(Stored dataset items)
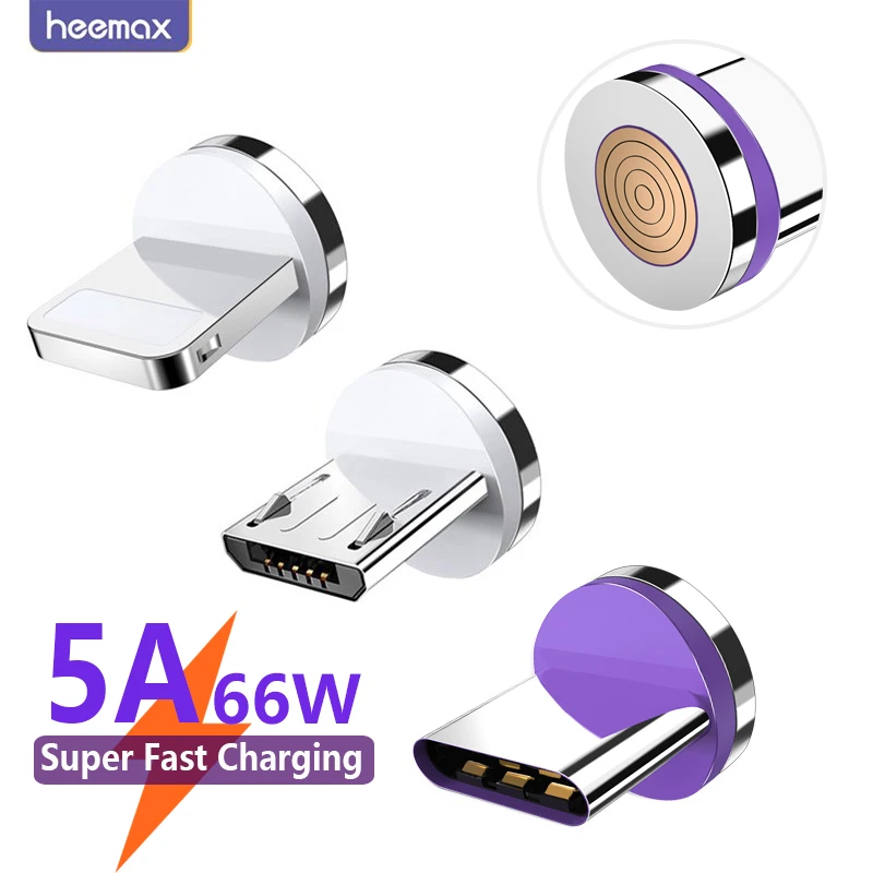 Comprar Cable de enchufe magnético redondo 5A para iPhone, adaptador de carga rápida, Microusb tipo C, 3A
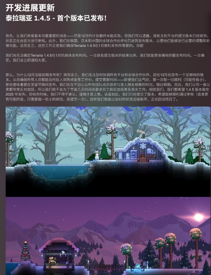 直播吧12月27日讯 《泰拉瑞亚》发布新公告:1.4.5版本将于2026年1月推出。
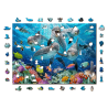 Ta Drewniana Układanka zabiera Cię w zapierający dech w piersiach morski rejs. W centrum tej morskiej sceny, delfiny z błyszczącymi uśmiechami uchwytują istotę radości, pozując do uroczej podwodnej selfie. Nie są sami. Ryby w brilliantnych odcieniach, obok misternie uformowanych koralowców i dryfujących wodorostów, dodają kolorów do tej sceny.
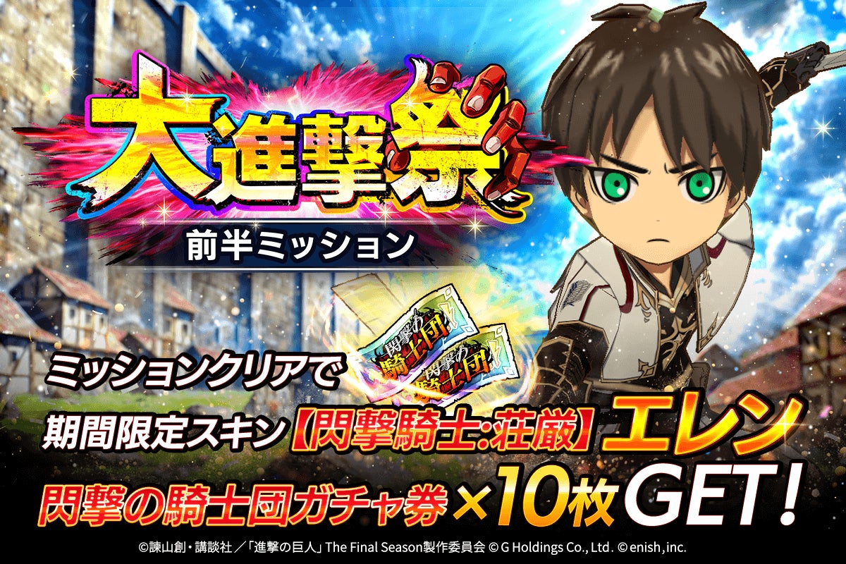 イベントでは、限定アクリルスタンドがもらえるキャンペーンや、エレンの限定衣装がもらえるミッションなどが開催されます。
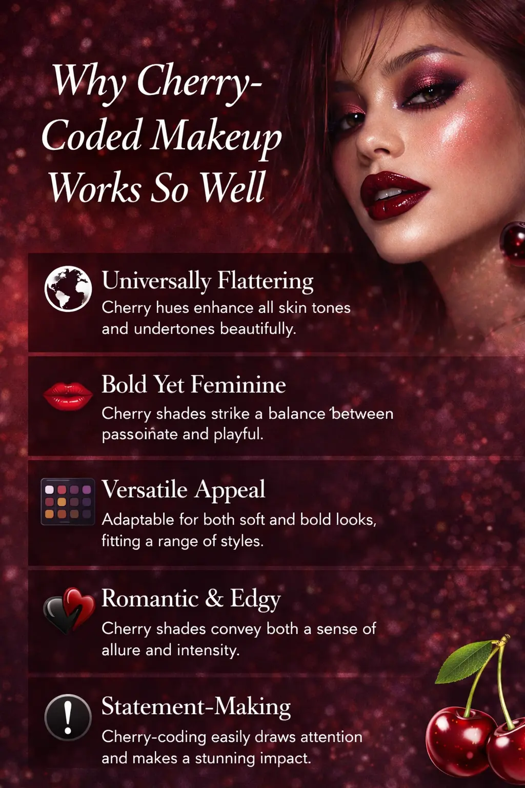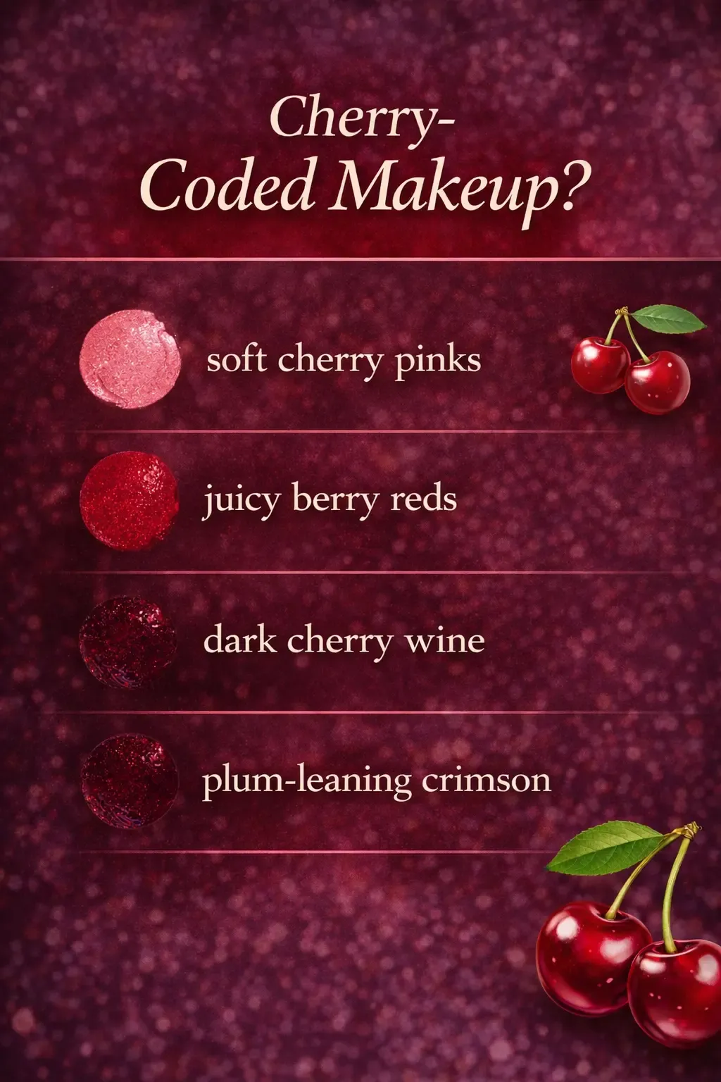 Whether you’re drawn to soft romantic cherry or dark dramatic wine tones, cherry-coded makeup lets you tell a story — your story.
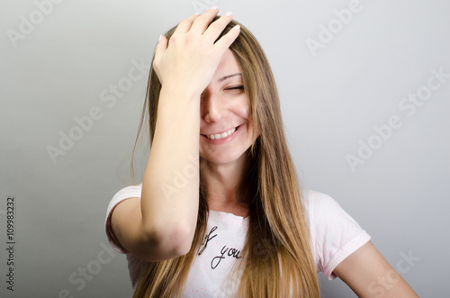 © patramansky, Fototapeta premium Cute, young woman smiling do facepalm
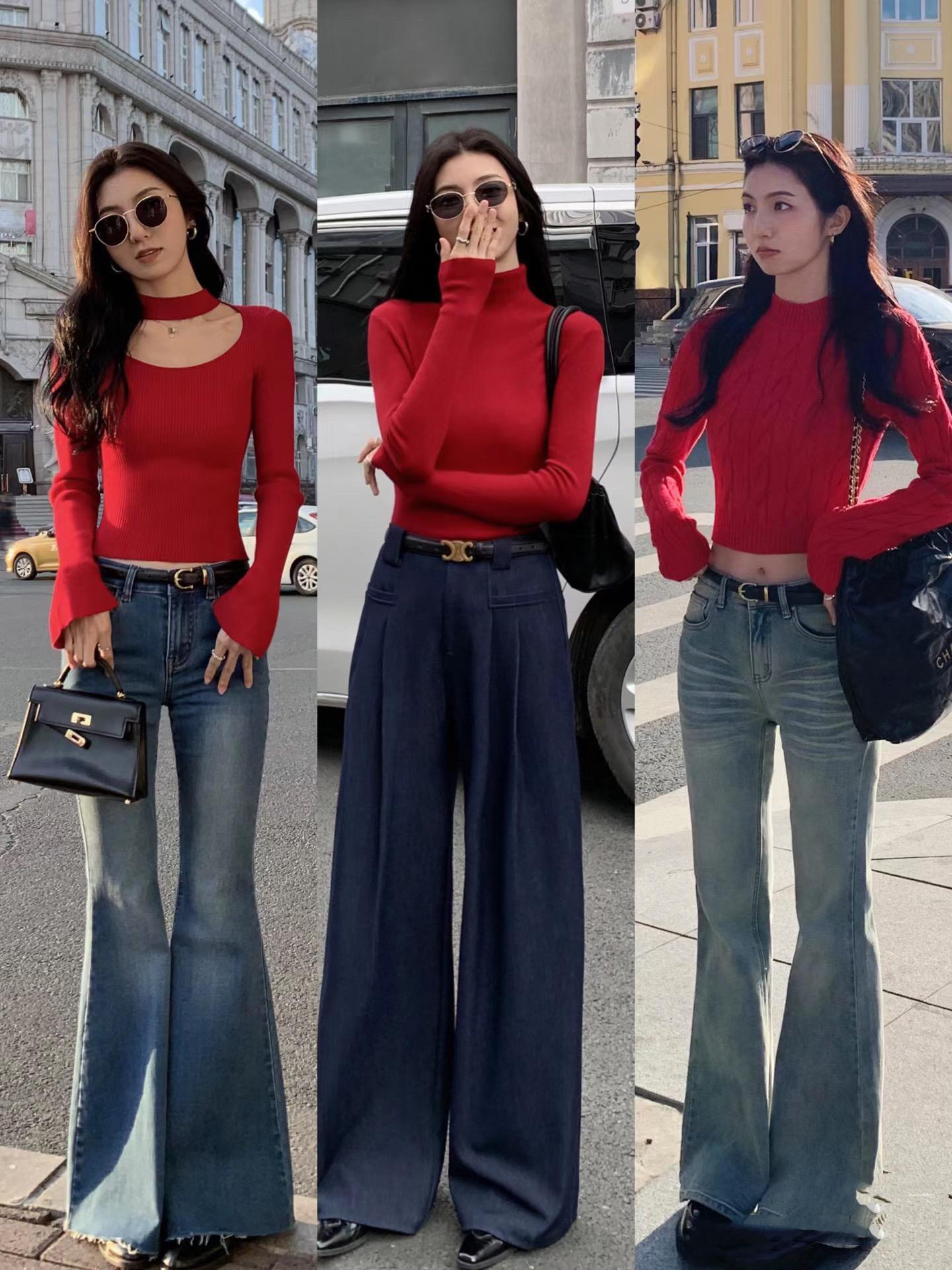修身的紅色針織衫,帶着幾分熱辣與性感,表現出一種氣血滿滿的美。秋日穿搭,這種鮮明的紅色系,也會給我們帶來時尚衝擊力。

[Your objective]
Only the lines from the start of the records through the line containing "直播吧12月27日讯 《泰拉" should be repeated, word for word, with the pictures left out.

[Worked solution]
 Comprar Cable de enchufe magnético redondo 5A para iPhone, adaptador de carga rápida, Microusb tipo C, 3A
 直播吧12月27日讯 《泰拉瑞亚》发布新公告:1.4.5版本将于2026年1月推出。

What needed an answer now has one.